Btw., has someone else problems to conciliate the die shot with the official version of 6x32 ALUs, 32 L/S, and 32 SFUs? I mean, each "SMX" appears to have 8 physically separate register files aligned along the vector ALU lanes. Even when one considers that half of the register banks are on the left side and the other half on the right of a vALU, each SMX has then a set of 4 identical and replicated subunits. That would fit somehow to the 4 schedulers, but what is in there?
The only way (I can think of right now) one can distribute the units would be, that each dual issue scheduler delivers its instructions to a set of 3 vec16 ALUs, 8 L/S units und 8 SFUs. That basically means one SMX would be a package of four GF104 style SMs (somwhat reminiscent of G80/GT200) where the hotclock and one scheduler got lost (and the local memory, TMUs and some other stuff are shared). The scheduler can issue each cycle two instructions from one thread and alternates each cycle between "even" and "odd" threads (same would then be true for the register access, maybe that's why one can identify 8 vector register files in each SMX, even and odd threads have separate register files). Or maybe a better picture: a scheduler issues up to 4 instructions from two threads every two clock cycles. Or the scheduler issues each cycle a single instruction from two threads (and the vecALU the instruction got issued to is blocked in the next cycle because one can issue an instruction for a 32 element warp only every second cycle to a vALU with 16 lanes). The last version would basically work like the two single issue schedulers in a GF100/110 SM, just that the scheduler run at the same clock as the ALUs and can therefore supply more of them.

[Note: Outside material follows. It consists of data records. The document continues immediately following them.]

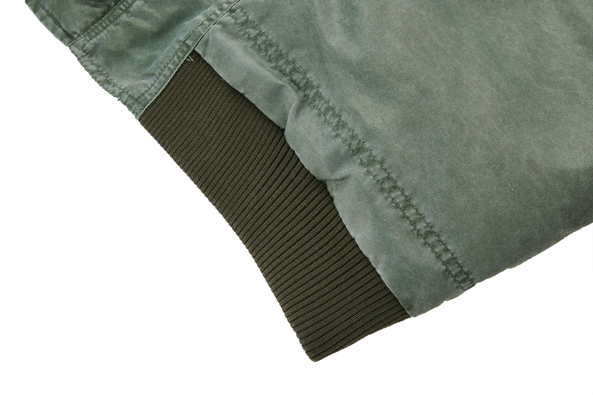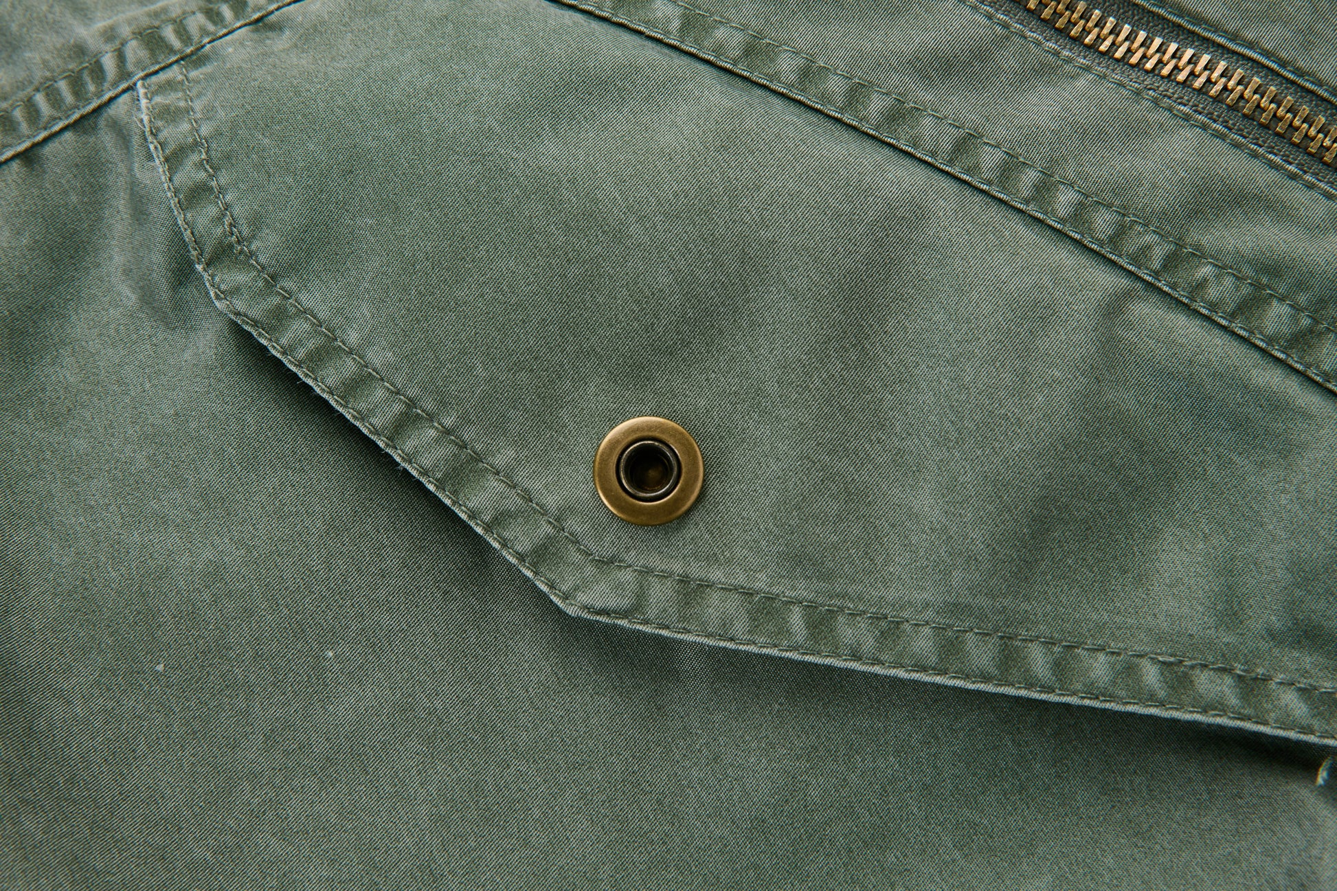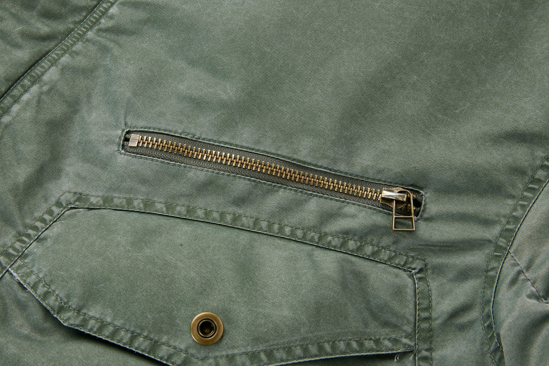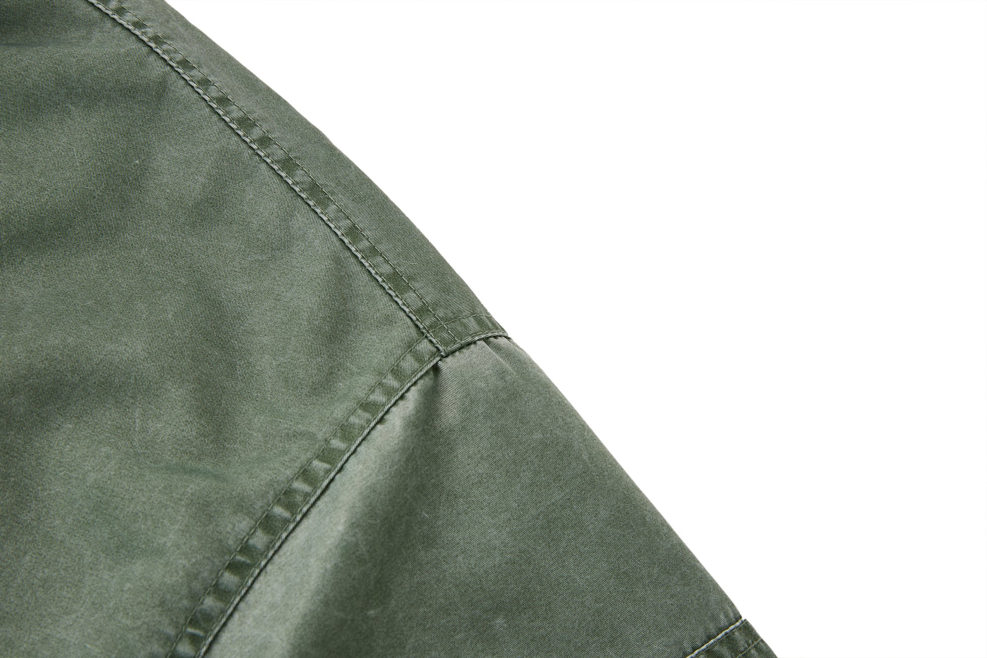 Clothing details: Vintage washed cotton fabric, stand-collar design with snap closure, front zip fastening, zippered chest pocket, utility sleeve pocket, ribbed cuffs and hem, cropped relaxed fit, reinforced stitching for durability.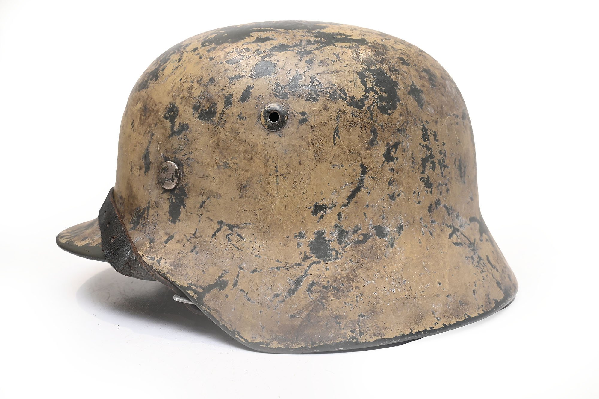 very nice m35 dd wehrmacht sudfront camo helmet.nice dome stamp inside the helmet. 2 decals are present under the yellow sudfront camo.leather is still in great condition an the chinstrao is nice marked.great early war helmet with a nice camo.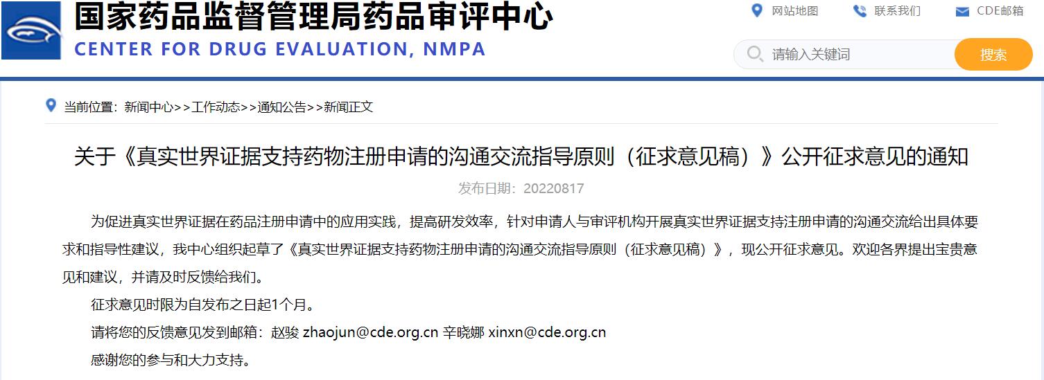 關(guān)于《真實(shí)世界證據(jù)支持藥物注冊(cè)申請(qǐng)的溝通交流指導(dǎo)原則(征求意見稿)》公開征求意見的通知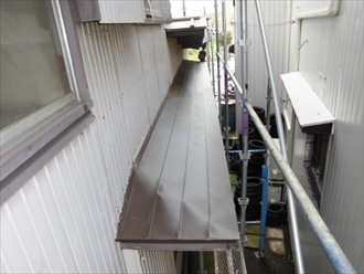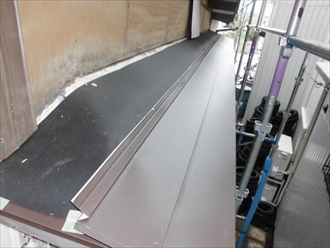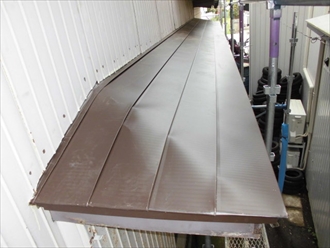 錆びて剥がれかかった霧除けを葺き替えます|横浜市泉区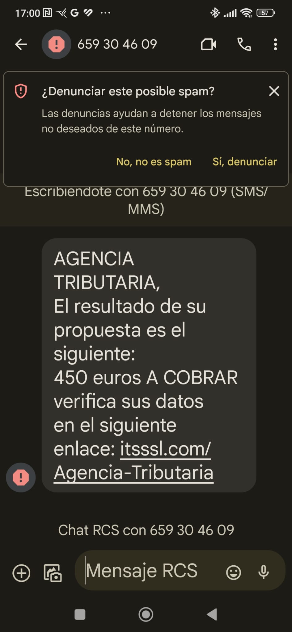 “Agencia Tributaria. El resultado de su propuesta es el siguiente: 450 euros a cobrar”. Este es el SMS que supuestamente está enviando el organismo a los contribuyentes. El mensaje de texto incluye un enlace para que el usuario supuestamente verifique sus datos. Sin embargo, se trata de un caso de smishing: los timadores se hacen pasar por la Agencia Tributaria a través de SMS con el objetivo de hacerse con nuestros datos personales y bancarios.
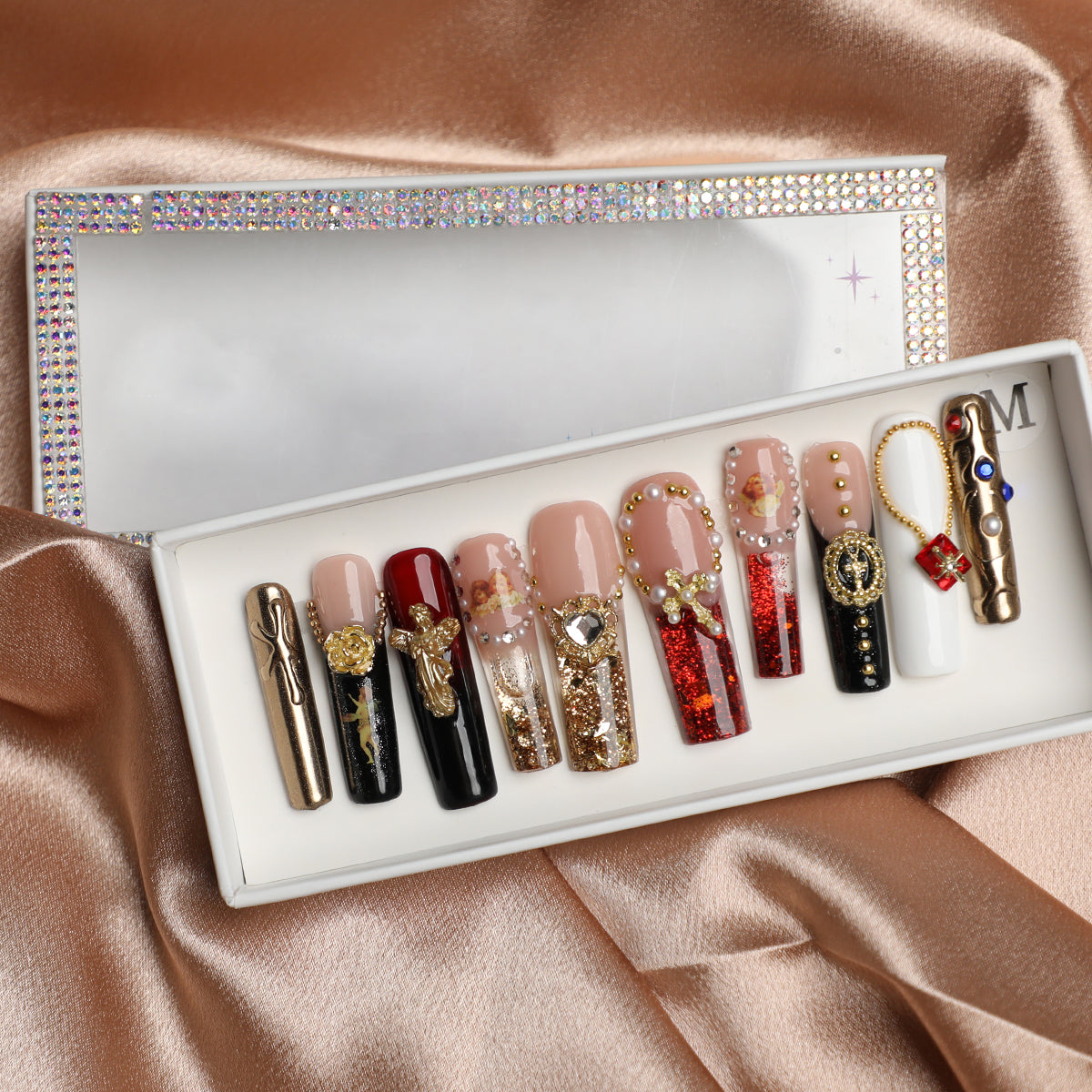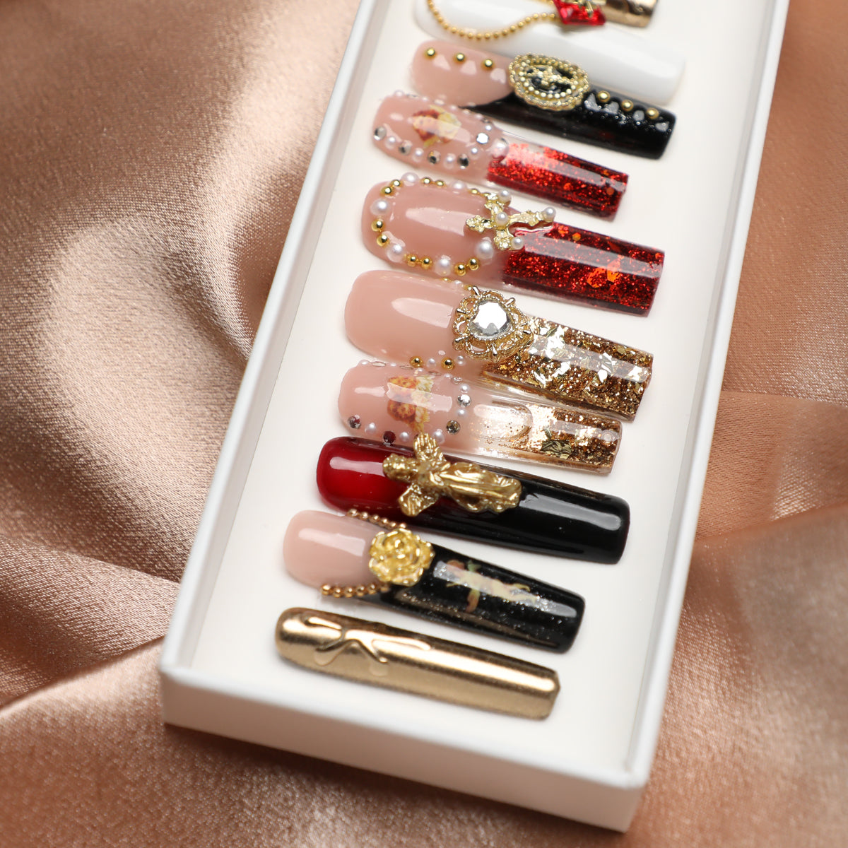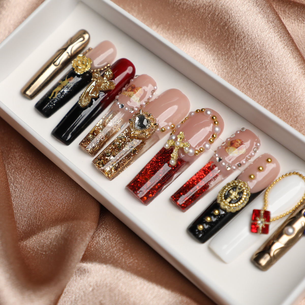 Step into a world of timeless elegance and celestial charm with these Divine Embrace Handmade Press-On Nails. Featuring a luxurious black, red, and gold palette, each nail is adorned with angel charms, golden roses, and delicate white hearts, evoking a vintage, religious-inspired aesthetic. Handcrafted with care, this full-cover acrylic set is reusable, blending sophistication with meaningful, symbolic details.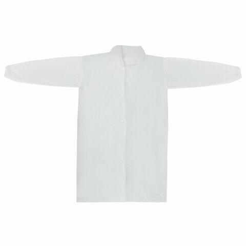 Халат одноразовый белый на кнопках КОМПЛЕКТ 10 шт., XXXL 110 см, резинка, 30 г/м2, ОПТИТРЕЙД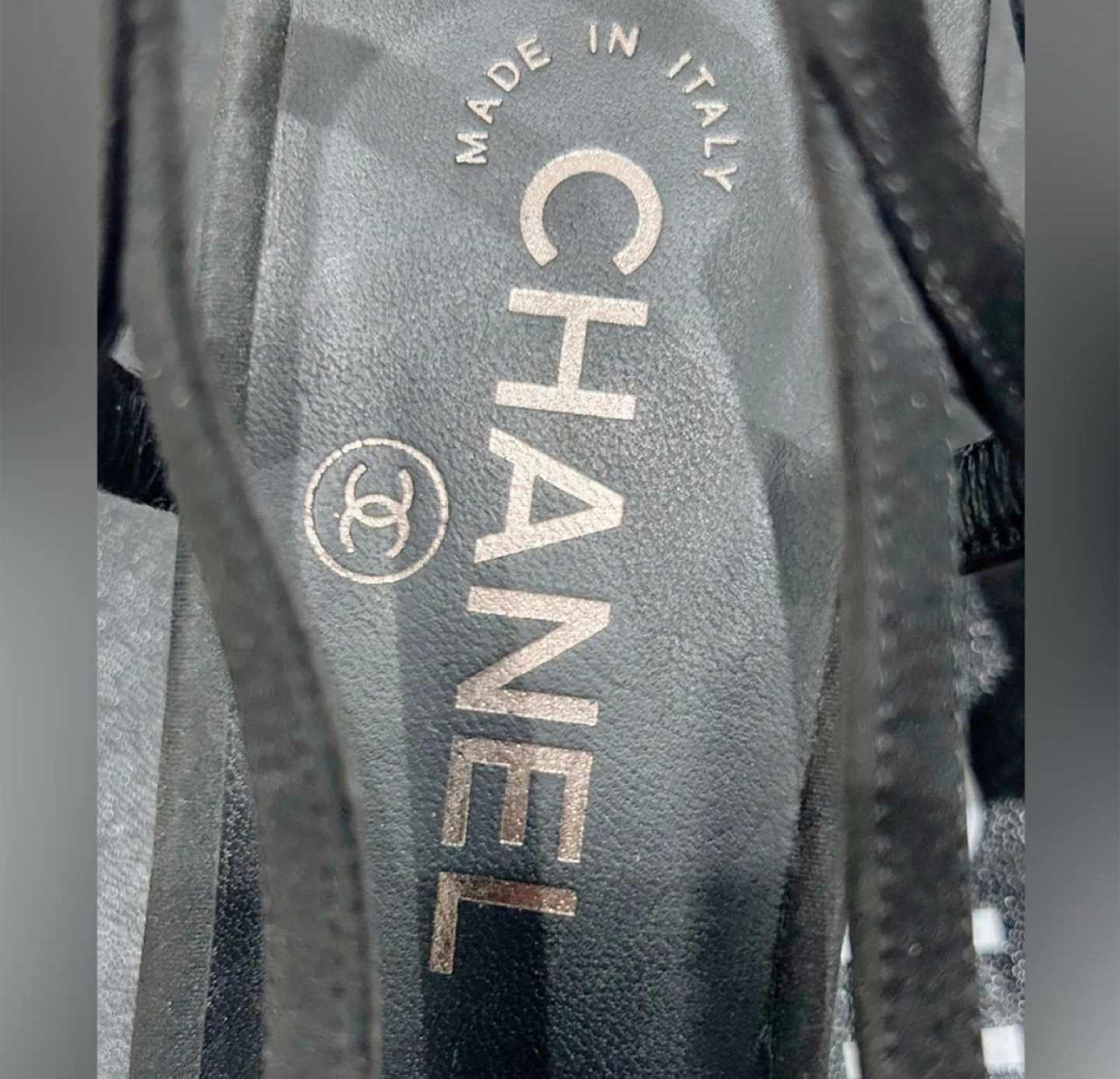 🧡black satin material, pearl-decorated strap. Stiletto heel, Chanel logo on the heel, stylish and versatile.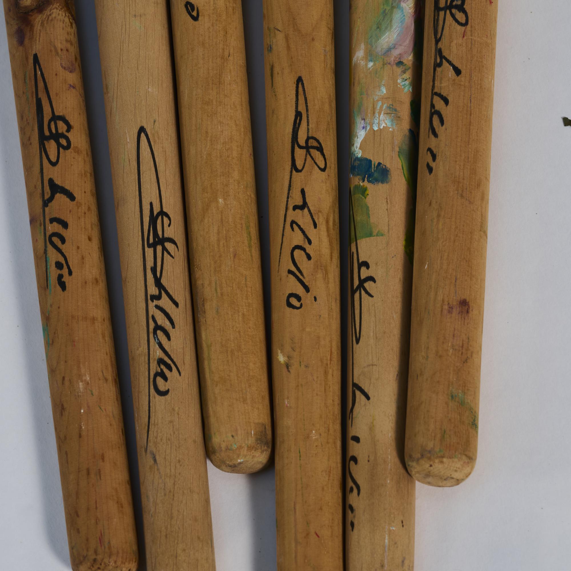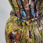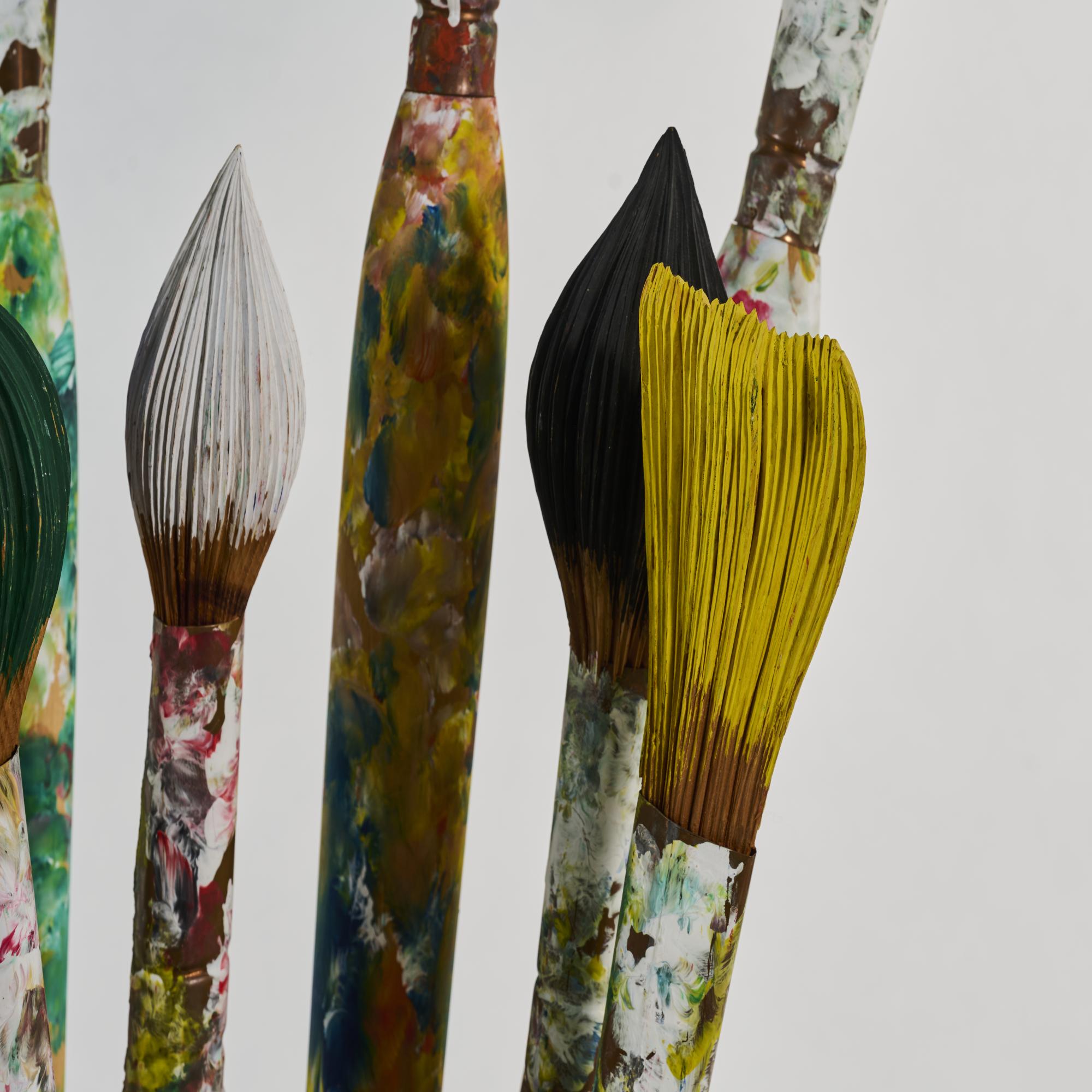 Acrylic on terracotta amphora and 14 carved wooden brushes, copper plates. Total height approx. 174.0 cm (depending on brush arrangement). Signed on each brush handle: Livio de Marchi (black felt-tip pen).

Has someone a clever idea how this really works?
PS:
If they didn't have a similar mistake in that slides as during the Fermi presentation, the total register space is the same as with GF100/GF110 (2 MB), so really tiny compared to Tahiti (8 MB). I have a hard time believing that number, considering the similarity of the ALU count of GK104 and Tahiti. I would expect double the value given in that slide (4 MB), i.e. 512 kB per SMX or 128kB per Scheduler.
But also the local memory/L1 is quite small (still 64kB) considering how many threads/workgroups on one SMX have to share it.